Oh, interesting! Well, let's try...
First thing is the glaring sum of squares. Let's apply that, and also factor the first two terms.
a^2 b + ab^2 + (2ab + a^2 + b^2) + a + b = ab(a + b) + (a + b)^2 + (a + b)
Now we can factor out (a + b).
ab(a + b) + (a + b)^2 + (a + b) = (a + b)(ab + a + b + 1)
Then we notice that (ab + a) + (b + 1) = a(b + 1) + (b + 1) = (a + 1)(b + 1). So:
(a + b)(ab + a + b + 1) = (a + 1)(b + 1)(a + b)
So, E = (a + 1)(b + 1)(a + b).

Thank you!!!

@latent snow has given 1 rep to @manic stratus

Took me a few minutes as you can see..

Glad you got it! How did you do it?

Just like you but I had to get some ideas from you, I need to solve more exercises like these because it was obvious that there was a square formula, I guess I'm just for now pretty bad at spotting things like that but I'm sure I'll get better in time

Sorry for the late reply also

My math teacher gave me a book where there are problems from my country from 1957-2001

I tried solving one

Turned my ego back at 0

olympiad*

Well, that's why they are more difficult 😄
Well, practice should help. Though, I am not well versed in olympiad problems, so not sure what to read for that.

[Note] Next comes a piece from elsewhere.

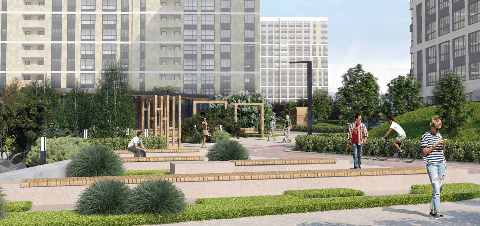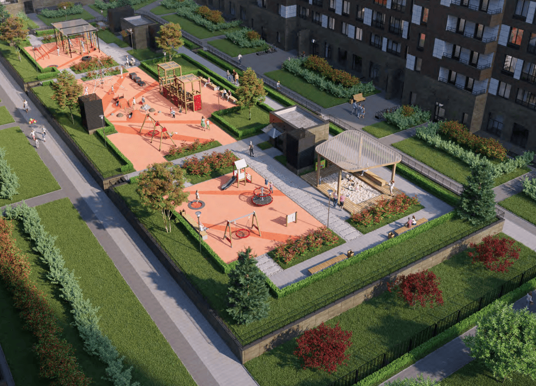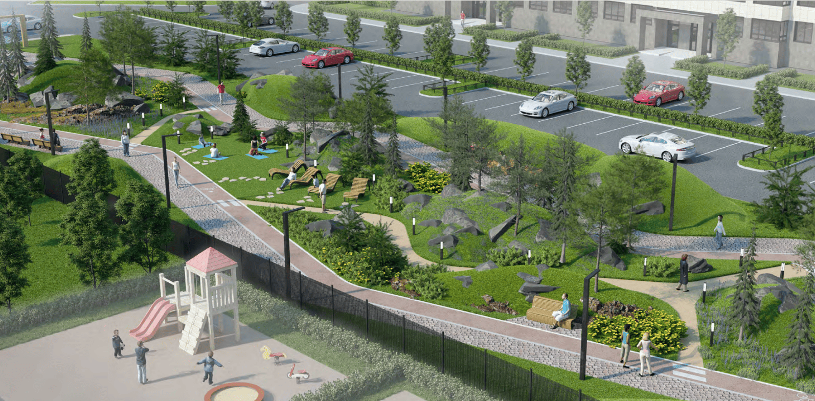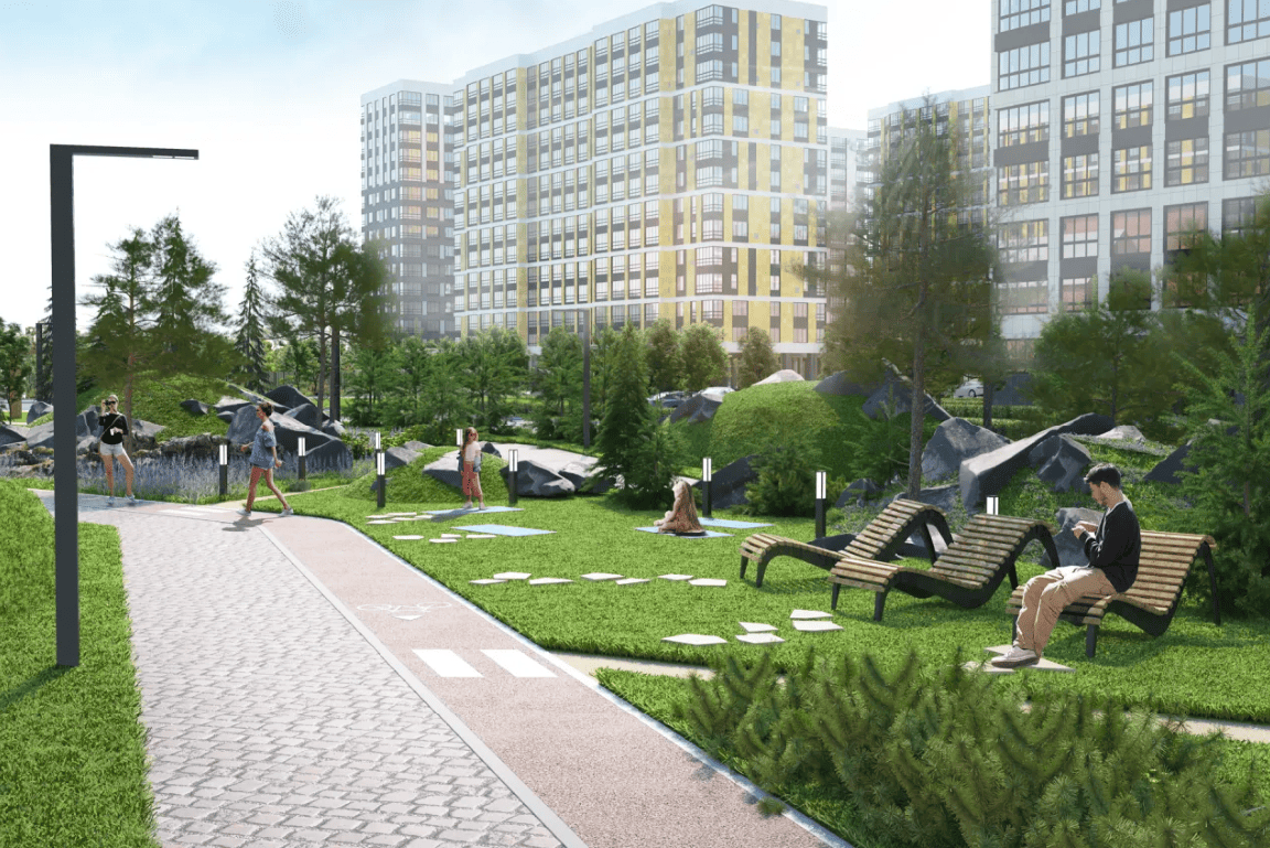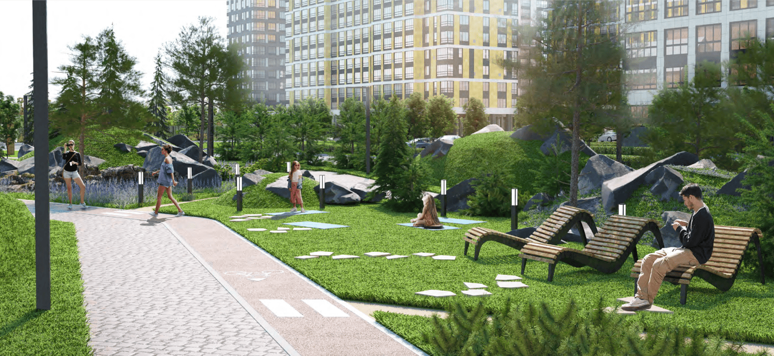 А также детские, спортивные площадки, качели, зоны для йоги и релакса.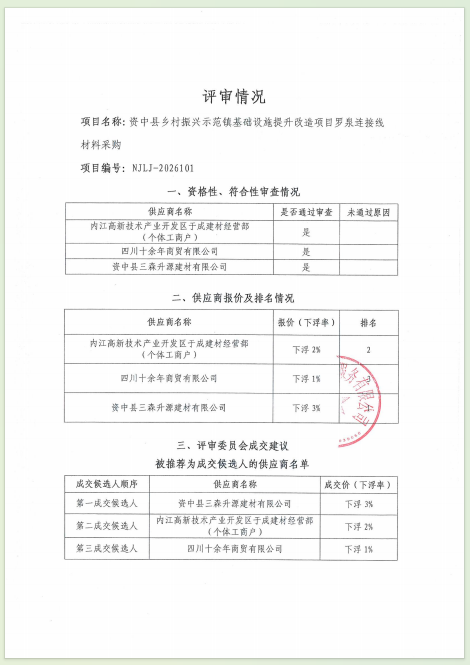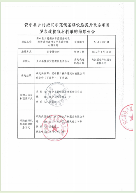 资中县乡村振兴示范镇基础设施提升改造项目罗泉连接线材料采购结果公告

I also use quora sometimes for more answers when I don't quite understand from somewhere else the explanation, want me to show you the problem I was talking about by the way?

Sure!

If these numbers are distinct and form a arithmetic progression, demonstrate that b = d.

I think you forgot the picture or part of the statement.

Yeah yeah

Ah, ok.

I took it on my phone

Hm, looks interesting! Let's see.
First, as this must be an arithmetic progression, we must have a constant difference of terms. So:
(a + c)/(b + d) - a/b = c/d - (a + c)/(b + d)
a/b + c/d = 2(a + c)/(b + d)
Let's multiply everything by (b + d).
ad + bc = 2(a + c)
But then I don't know what else to do.